**Aim of the task:** Every word in the data below belongs in your copy, exactly as given; the pictures do not.

**Exercise data:**
# # # # #

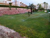 4) Территория Sport в большей частью покрыта разными площадками: футбольное поле, теннисный корт, ипподром для лошадей, волейбольная площадка, помещение с тренажерным залом, сауной и джакузи, шатер для анимации, большой бассейн с несколькими горками. Наш бассейн был единственный обогреваемый. В бассейне также играют в водное поле и водный волейбол. Зелень присутствует, но как-то очень простенько и скудненько. Для красивых фото надо идти в отель Front, там с зеленью всё в порядке.
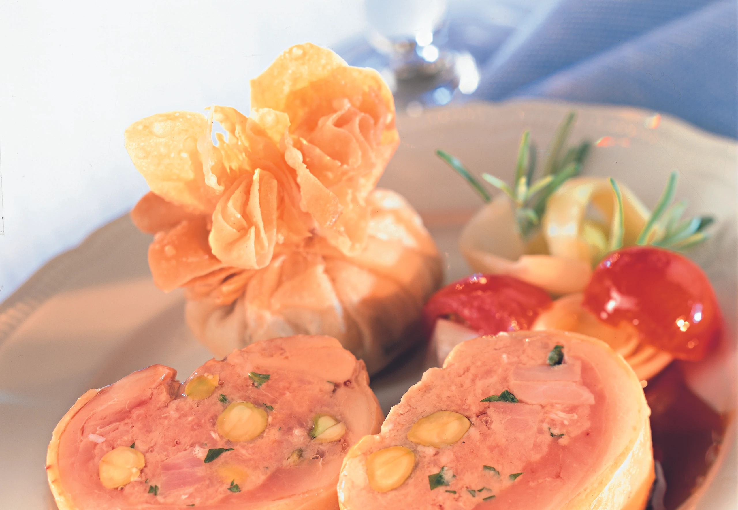 Schinken klein würfelig schneiden. Hühnerbrust in kleine Stücke schneiden, faschieren und mit Obers, Ei, Petersilie, Schinken und Pistazien vermischen, mit Salz und Pfeffer würzen und kalt stellen.
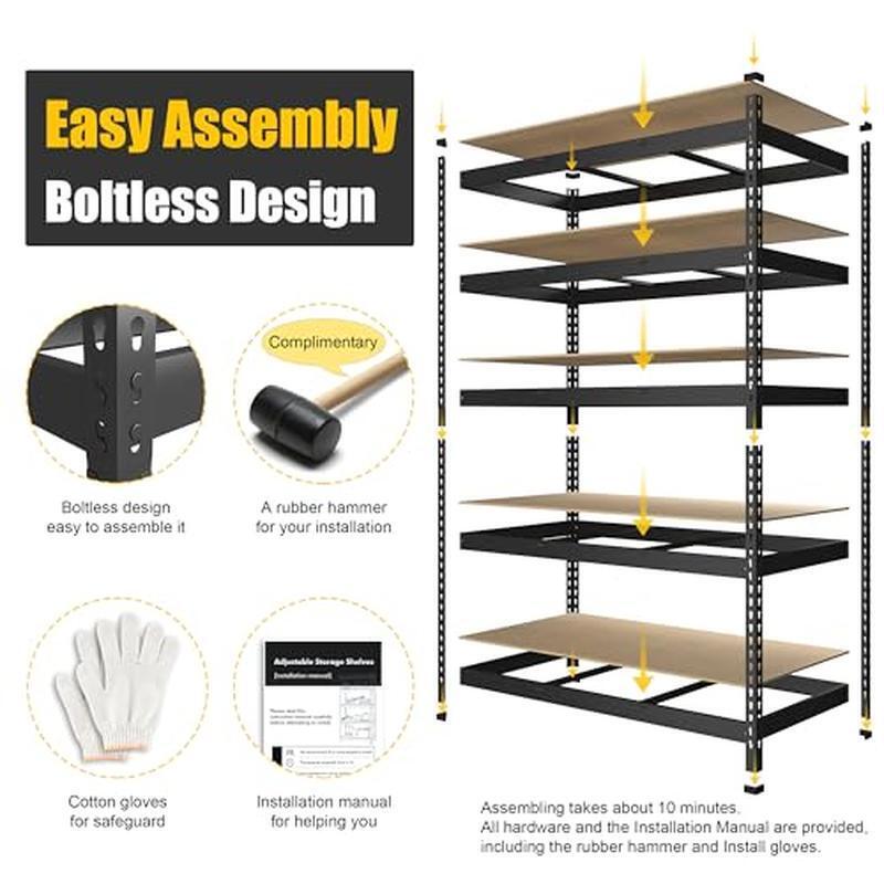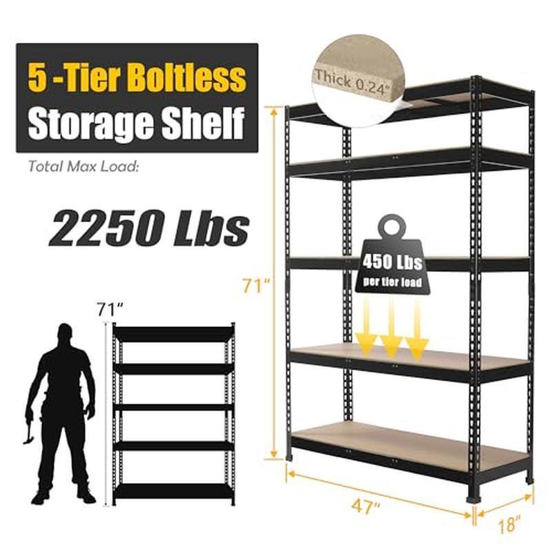 About this item 【MULTIPURPOSE SHELVES】: Overall dimension for storage shelves: 47" W x 18" D x 71" H. Net Weight: 55 lbs. This adjustable shelving unit with perfect size makes it suitable for many places, such as in the garage, pantry, closet, kitchen, warehouse, basement, living room, office, etc 【HEAVY DUTY & LONG-LASTING】 : This 5-tier garage shelving is made of high-quality 0. 24" thicker FSC-Certified MDF boards and 0. 04" thicker heavy duty galvanized metal frame, sturdy and enduring. The metal frame is covered with premium powder coating to give it a smooth surface. Each layer shelf add 2 middle support beam for more weight capacity. Each shelf holds up to 450 lbs, 5 tier shelves' total max load weight is 2250 lbs 【HEIGHT ADJUSTABLE 】: Adjustable storage rack, metal shelving unit can be adjusted the shelf up and down, you can adjust each shelf heigh according to the size of the item so that the items can be stored in any size. (Adjustable at every 1. 2 inches) 【EASY TO ASSEMBLE 】: Due to the boltless design, it is easy to assemble this heavy duty storage rack by lightly pressing it even with your hands or a rubber hammer. Assembling takes approximately 10 minutes. All hardware and the Installation Manual are provided, including the rubber hammer Room Type:Warehouse, Garage, Pantry, Closet, Living Room, Bedroom, Library, Kitchen, Basement, Office, Home, Shop, Study Number of Shelves:5 Special Feature:Storage, Sturdy, Heavy Duty, Space Saving, 47"W x 18"D x 71"H Metal Shelves, 2250 LBS Heavy Duty Storage Shelves, Wide Storage Shelves, Adjustable Product Dimensions:18"D x 47"W x 71"H Style:Industrial : : : : : Material:Engineered Wood, Metal Mounting Type:Floor Mount Shelf Type:Adjustable Metal Shelf Shape:Rectangular You may also like Citric Acid Home Canning Tomatoes Safe Preservation Dairy-Free 12oz Jar Kitchen 10.57 USD 11.13 USD Free shipping 5% off 2-in-1 Push Pull Wagon Walker Kids XL Storage Durable Wheels Toddler Toy New US 40.6 USD 42.74 USD Free shipping 5% off Heritage Hill Glass Jar W/ Lid Wide Mouth Storage Canister Durable Multi-Purpose 8.73 USD 9.19 USD Free shipping 5% off 23 Inch Artificial Silk Flower Bouquet Peony Dahlia Eucalyptus Indoor Decor New 10.77 USD 11.34 USD Free shipping 5% off Tender Centers Dry Cat Food Salmon Chicken Kibble 3lb Complete Nutrition New US 7.48 USD 7.87 USD Free shipping 5% off Medium Oval Galvanized Tub W/ Rattan Handles Storage Party Display Ice Bucket US 18.84 USD 19.83 USD Free shipping 5% off Vegan Brownie Mix Gluten Free Chocolate Chip Plant Protein Non GMO 16oz Jar New 9.92 USD 10.44 USD Free shipping 5% off Battery Powered Deer Feeder Kit Timer Universal Attachment 4 Feed Times New US 47.05 USD 51.99 USD Free shipping 10% off Septic Tank Treatment Odor Control Prevent Clogs Bacteria Natural Safe 32oz New 11.66 USD 12.27 USD Free shipping 5% off Sensitive Baby Wipes Unscented 3 Packs Hypoallergenic Aloe Vitamin E 168 Count 8.51 USD 8.96 USD Free shipping 5% off Acrylic Salad Bowl W/ Servers Dishwasher Safe Large Capacity Durable Design New 37.58 USD 39.56 USD Free shipping 5% off Manual Siphon Pump Universal 6ft Hose Fluid Transfer Pump Vehicles Aquariums New 11.04 USD Free shipping

# # # # #

**Exercise response:**
 4) Территория Sport в большей частью покрыта разными площадками: футбольное поле, теннисный корт, ипподром для лошадей, волейбольная площадка, помещение с тренажерным залом, сауной и джакузи, шатер для анимации, большой бассейн с несколькими горками. Наш бассейн был единственный обогреваемый. В бассейне также играют в водное поле и водный волейбол. Зелень присутствует, но как-то очень простенько и скудненько. Для красивых фото надо идти в отель Front, там с зеленью всё в порядке.
 Schinken klein würfelig schneiden. Hühnerbrust in kleine Stücke schneiden, faschieren und mit Obers, Ei, Petersilie, Schinken und Pistazien vermischen, mit Salz und Pfeffer würzen und kalt stellen.
 About this item 【MULTIPURPOSE SHELVES】: Overall dimension for storage shelves: 47" W x 18" D x 71" H. Net Weight: 55 lbs. This adjustable shelving unit with perfect size makes it suitable for many places, such as in the garage, pantry, closet, kitchen, warehouse, basement, living room, office, etc 【HEAVY DUTY & LONG-LASTING】 : This 5-tier garage shelving is made of high-quality 0. 24" thicker FSC-Certified MDF boards and 0. 04" thicker heavy duty galvanized metal frame, sturdy and enduring. The metal frame is covered with premium powder coating to give it a smooth surface. Each layer shelf add 2 middle support beam for more weight capacity. Each shelf holds up to 450 lbs, 5 tier shelves' total max load weight is 2250 lbs 【HEIGHT ADJUSTABLE 】: Adjustable storage rack, metal shelving unit can be adjusted the shelf up and down, you can adjust each shelf heigh according to the size of the item so that the items can be stored in any size. (Adjustable at every 1. 2 inches) 【EASY TO ASSEMBLE 】: Due to the boltless design, it is easy to assemble this heavy duty storage rack by lightly pressing it even with your hands or a rubber hammer. Assembling takes approximately 10 minutes. All hardware and the Installation Manual are provided, including the rubber hammer Room Type:Warehouse, Garage, Pantry, Closet, Living Room, Bedroom, Library, Kitchen, Basement, Office, Home, Shop, Study Number of Shelves:5 Special Feature:Storage, Sturdy, Heavy Duty, Space Saving, 47"W x 18"D x 71"H Metal Shelves, 2250 LBS Heavy Duty Storage Shelves, Wide Storage Shelves, Adjustable Product Dimensions:18"D x 47"W x 71"H Style:Industrial : : : : : Material:Engineered Wood, Metal Mounting Type:Floor Mount Shelf Type:Adjustable Metal Shelf Shape:Rectangular You may also like Citric Acid Home Canning Tomatoes Safe Preservation Dairy-Free 12oz Jar Kitchen 10.57 USD 11.13 USD Free shipping 5% off 2-in-1 Push Pull Wagon Walker Kids XL Storage Durable Wheels Toddler Toy New US 40.6 USD 42.74 USD Free shipping 5% off Heritage Hill Glass Jar W/ Lid Wide Mouth Storage Canister Durable Multi-Purpose 8.73 USD 9.19 USD Free shipping 5% off 23 Inch Artificial Silk Flower Bouquet Peony Dahlia Eucalyptus Indoor Decor New 10.77 USD 11.34 USD Free shipping 5% off Tender Centers Dry Cat Food Salmon Chicken Kibble 3lb Complete Nutrition New US 7.48 USD 7.87 USD Free shipping 5% off Medium Oval Galvanized Tub W/ Rattan Handles Storage Party Display Ice Bucket US 18.84 USD 19.83 USD Free shipping 5% off Vegan Brownie Mix Gluten Free Chocolate Chip Plant Protein Non GMO 16oz Jar New 9.92 USD 10.44 USD Free shipping 5% off Battery Powered Deer Feeder Kit Timer Universal Attachment 4 Feed Times New US 47.05 USD 51.99 USD Free shipping 10% off Septic Tank Treatment Odor Control Prevent Clogs Bacteria Natural Safe 32oz New 11.66 USD 12.27 USD Free shipping 5% off Sensitive Baby Wipes Unscented 3 Packs Hypoallergenic Aloe Vitamin E 168 Count 8.51 USD 8.96 USD Free shipping 5% off Acrylic Salad Bowl W/ Servers Dishwasher Safe Large Capacity Durable Design New 37.58 USD 39.56 USD Free shipping 5% off Manual Siphon Pump Universal 6ft Hose Fluid Transfer Pump Vehicles Aquariums New 11.04 USD Free shipping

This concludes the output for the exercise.